See what the other candiates said at the LIVESTRONG Presidential Cancer Forum


  1. Vicky says:

    I don’t think he [Huckabee] really cares. He just wants to be in the White House. I think showing up for the Presidential Cancer Forum was a way to look good. I mean seriously, a clean air workplace. What about restaurants, malls, parks, the side walks of main street and playgrounds. For example, here where I live you can’t smoke within 25 feet of the mall or food place entrance or a public park. Yet trying to get through that first 25 feet can mean a half pack of smoke in my lungs going in and again coming out. Clean air act my foot. Everywhere I go I deal with secondhand smoke and I live in Utah where the so called majority doesn’t smoke. As far as “A fundamental right to do damage to themselves” Who is he kidding? Why then do we put prisoners on suicide watch? Why is assisted suicide illegal? Come on people, why should I have to pay for someone to kill himself and someone I love along with them. And if they don’t die…I have to pay for their medical care. I all for a 100% ban on smoking and our next President should be as well.

  2. Clair says:

    I’m concerned about the candidates that are smokers themselves. What kind of message are they sending?

  3. Brian Dowd says:

    All candidates forget quickly things they say. We remember John Kerry who voted for it, but didn’t then changed his ming a few more times. It is a timeless act.
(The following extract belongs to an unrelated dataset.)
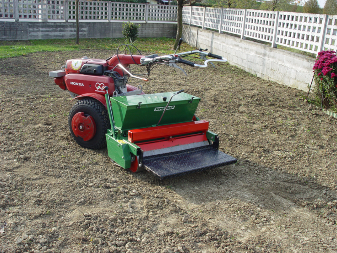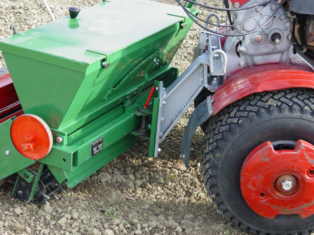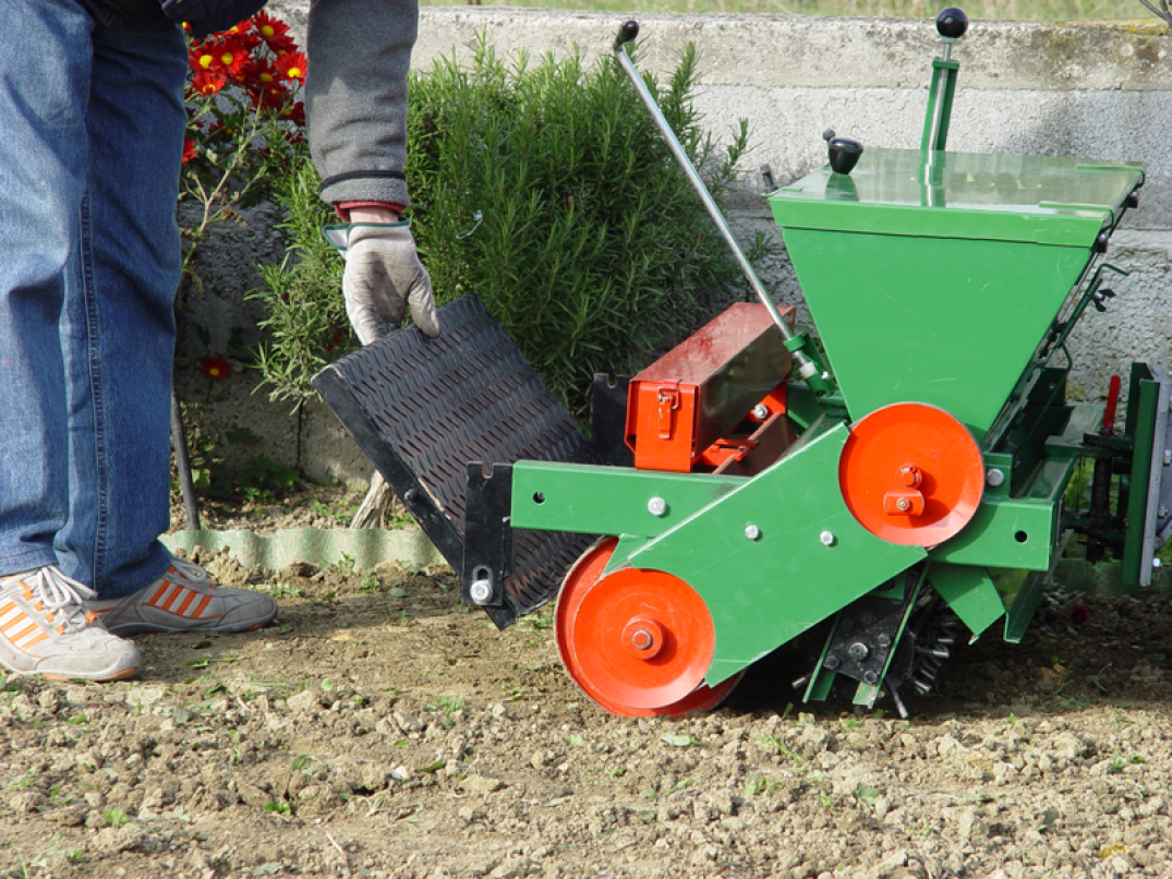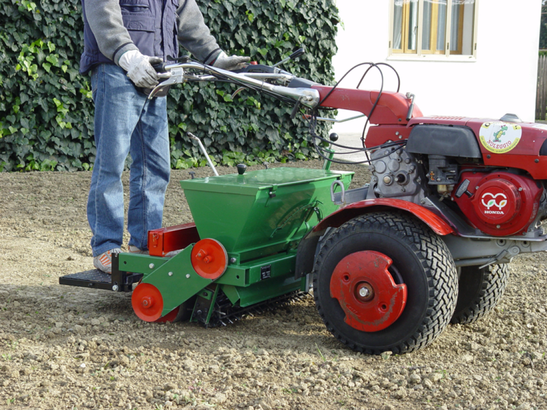La seminatrice per motocoltivatore RS80M della Sembdner è compatta e di facile manovrabilità, ha una larghezza di lavoro di 80 cm e la capacità della tramoggia è di 50 lt.

    Huckabee was probably said what he thought Lance and all the survivors wanted to hear on that day.

    We need to hold the candidates to their word. All of them are flawed, some worse then others. Let’s see how this plays out.

  4. Kathy Smith says:

    Katherine, This is exactly why we need to keep asking the questions and keep the heat on for the next 9 months. As Andy pointed out our ranks are on the rise and it is OUR obligation to those we have lost and those that will follow us to ensure that cancer becomes a National Priority. This election will set the path that Federal funding will follow for the next four years… maybe 8 so lets make sure that the person WE put in the White House hears those 12 million voices loud and clear….

  5. Joe American says:

    Huckabee is a good man who represents common folk. He believes in personal responsibility and is against the government mandating our every action. I believe he is someone who listens and has evolved his position.